Google's technical report on Gemini 2.5 Pro shows meaningful gains on the MATH benchmark when thinking is enabled. But that result applies to math problems. Not every task is a math problem.

A rough breakdown of where reasoning earns its cost and where it doesn't:

Worth the extra tokens:

Competitive programming
Formal proofs
Complex debugging
Multi-constraint optimization
Multi-step logical reasoning

Rarely worth it:

Text summarization
Sentiment analysis
Simple classification
Creative writing
Data formatting
Translation

The pattern is consistent: reasoning shines on tasks with a verifiably correct answer. If there's a right answer and a wrong answer — a proof that holds or doesn't, code that passes tests or fails — reasoning will find it more reliably. For generative or subjective tasks, you're paying a premium for the model to overthink something that doesn't benefit from overthinking. Standard inference is faster, cheaper, and produces output that's just as good.

When to Turn the Dial

Start with no reasoning. Measure quality. If it's failing on correctness — wrong calculations, flawed logic, missed edge cases — bump to "medium" and measure again. Only go to "high" when medium falls short on tasks you can objectively evaluate. This matters because "medium" often captures most of the quality gain at a fraction of the cost of "high".

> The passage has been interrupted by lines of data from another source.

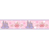 Complete your little princess's bedroom with this Disney Princess wallpaper border. This pink and purple border features castles and crowns, making it the perfect addition to any princess-themed room.
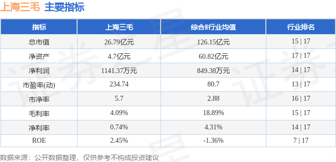 该股主要指标及行业内排名如下:
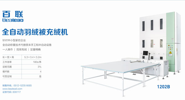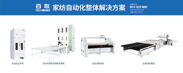 今年以來(lái),百聯(lián)整合家紡自動(dòng)化產(chǎn)品資源,針對(duì)羽絨被、枕頭、靠墊等家紡產(chǎn)品的應(yīng)用需求,推出了可個(gè)性化定制的家紡充填類自動(dòng)化整體解決方案。這些產(chǎn)品主要涉及全自動(dòng)上料機(jī)、羽絨被充絨機(jī)、被子折疊機(jī)、打包機(jī)等,形成了完整的家紡自動(dòng)化流水線,幫助客戶企業(yè)提高生產(chǎn)效率、降低人力成本、提高產(chǎn)品質(zhì)量,為實(shí)現(xiàn)“智能工廠”及“智能生產(chǎn)”提供了有力的保障。

The practical workflow: define your eval set, run it at each reasoning level, compare quality scores against token costs. The universal parameter makes this straightforward — changing reasoning level is one string, swapping the underlying model is one line. You're comparing apples to apples across providers without rewriting your integration each time.

One practical note: you'll need valid API credentials for each provider set as environment variables before any of this works. The library picks up standard provider key names automatically, but an auth error will stop you before reasoning ever comes into play.

The provider fragmentation will keep growing as each company iterates on its approach. You don't need to track all of it. You need the model to think when thinking helps, and skip it when it doesn't — and one parameter handles that regardless of which provider you're calling.